Research output: Contribution to journalArticle

DOI

Abstract

Locomotion in immature animals is often inflexible, but gradually
acquires versatility to enable animals to maneuver efficiently
through their environment. Locomotor activity in adults is produced
by complex spinal cord networks that develop from simpler
precursors. How does complexity and plasticity emerge during
development to bestow flexibility upon motor behavior? And how
does this complexity map onto the peripheral innervation fields of
motorneurons during development? We show in postembryonic
Xenopus laevis frog tadpoles that swim motorneurons initially
form a homogenous pool discharging single action potential per
swim cycle and innervating most of the dorsoventral extent of the
swimming muscles.

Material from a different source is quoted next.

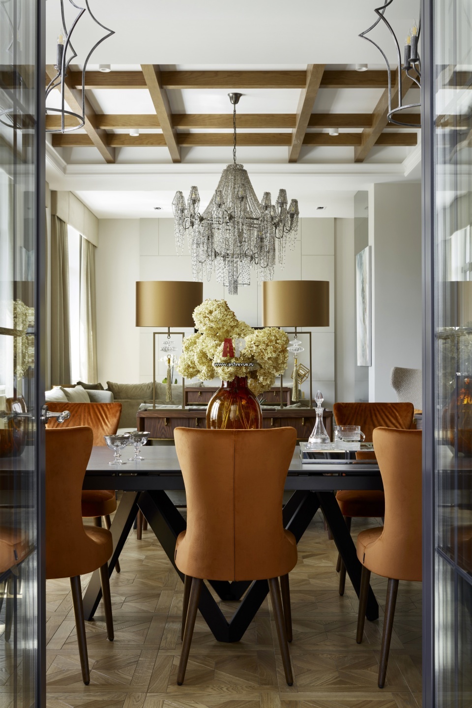 Квартира в Алма-Ате в эклектичном европейском стиле. Вид из столовой на гостиную и зону ТВ.
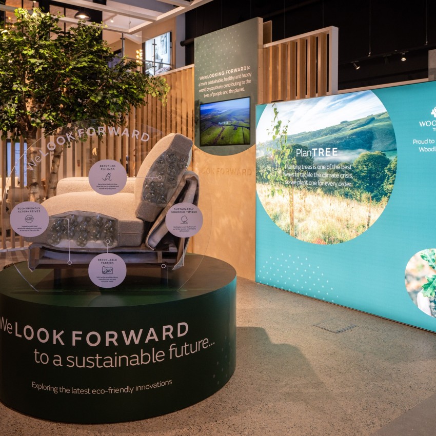 Para mayor estabilidad, el árbol se equipó con una placa base de 50 cm x 50 cm, que garantizaba la seguridad del expositor. Durante todo el proyecto, trabajamos en estrecha colaboración con el equipo de Sofology, compartiendo ideas y asegurándonos de que el árbol encarnara la narrativa de su gama de sostenibilidad. El resultado final, instalado ahora en una de las salas de exposición de Sofology, es un impresionante abedul de 3 metros que representa a la perfección el compromiso de Sofology con la sostenibilidad, al tiempo que realza el espacio de su sala de exposición.

However, during early larval life, in the prelude
to a free-swimming existence, the innervation fields of motorneurons
become restricted to a more limited sector of each muscle
block, with individual motorneurons reaching predominantly ventral,
medial, or dorsal regions. Larval motorneurons then can also
discharge multiple action potentials in each cycle of swimming and
differentiate in terms of their firing reliability during swimming
into relatively high-, medium-, or low-probability members. Many
motorneurons fall silent during swimming but can be recruited with
increasing locomotor frequency and intensity. Each region of the
myotome is served by motorneurons spanning the full range of
firing probabilities. This unfolding developmental plan,which occurs
in the absence of movement, probably equips the organism with
the neuronal substrate to bend, pitch, roll, and accelerate during
swimming in ways that will be important for survival during the
period of free-swimming larval life that ensues.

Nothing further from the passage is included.